If you listen to some of the idle pre-holiday chatter, this winter as in any of the previous few, you will hear quite a bit of grousing about our folkloric images. Jesus, as most of us know by now, was born in neither a cave nor an outdoor stable. He was almost certainly born in the main room of a private home, because the bedroom -- reserved for guests -- was already taken. Needless to say, it was not winter, at least so far as we have any reason to believe. The Magi were not kings, nor necessarily three in number, nor even necessarily men. Saint Nicholas was Turkish, not elfin. Neither Black Peter nor Krampus has anything much to do with Christianity. And yes, of course the date was chosen to align with a pagan winter festival.
Old news to most readers. And all legit. But still.
We are living in an era when the same people argue that Santa Claus should not be a white man, and that Black Peter must become one.
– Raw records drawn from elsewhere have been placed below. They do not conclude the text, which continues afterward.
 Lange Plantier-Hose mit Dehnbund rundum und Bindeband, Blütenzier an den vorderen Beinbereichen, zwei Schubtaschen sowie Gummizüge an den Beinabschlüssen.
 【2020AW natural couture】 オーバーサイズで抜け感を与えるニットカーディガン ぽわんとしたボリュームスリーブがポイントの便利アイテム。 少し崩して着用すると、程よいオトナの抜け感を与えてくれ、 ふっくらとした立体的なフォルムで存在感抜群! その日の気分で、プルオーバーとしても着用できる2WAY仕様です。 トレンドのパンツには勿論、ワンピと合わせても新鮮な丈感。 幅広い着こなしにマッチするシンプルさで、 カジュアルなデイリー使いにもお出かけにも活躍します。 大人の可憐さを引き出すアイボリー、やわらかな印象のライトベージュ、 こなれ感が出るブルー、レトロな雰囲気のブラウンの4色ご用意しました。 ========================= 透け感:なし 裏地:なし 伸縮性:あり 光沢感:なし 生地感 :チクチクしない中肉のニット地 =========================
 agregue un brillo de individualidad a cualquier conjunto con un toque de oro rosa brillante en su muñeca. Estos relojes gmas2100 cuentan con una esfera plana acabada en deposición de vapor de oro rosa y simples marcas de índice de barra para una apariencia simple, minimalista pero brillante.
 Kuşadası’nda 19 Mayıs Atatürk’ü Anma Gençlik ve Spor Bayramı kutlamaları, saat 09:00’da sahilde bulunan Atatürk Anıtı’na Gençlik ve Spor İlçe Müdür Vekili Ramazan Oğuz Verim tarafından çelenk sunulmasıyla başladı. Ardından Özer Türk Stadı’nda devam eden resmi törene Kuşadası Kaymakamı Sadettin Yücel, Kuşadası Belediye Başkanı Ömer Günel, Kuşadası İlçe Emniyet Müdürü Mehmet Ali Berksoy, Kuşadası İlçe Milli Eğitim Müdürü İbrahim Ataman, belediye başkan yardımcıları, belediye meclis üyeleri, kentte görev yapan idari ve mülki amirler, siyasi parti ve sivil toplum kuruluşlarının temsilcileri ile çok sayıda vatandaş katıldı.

And this passes itself off as talking about Christmas.
It gets tiresome trying to focus on the appearance of God in human form -- the finite proving beyond question that it is capable of the infinite -- when one must also listen to prattle about things that are not That.
So maybe I won't this year. Let's keep Christmas simple: just the Incarnation, and nothing else.
1 comment:
Finitum capax infinitum indeed. Take THAT, Reformed tradition!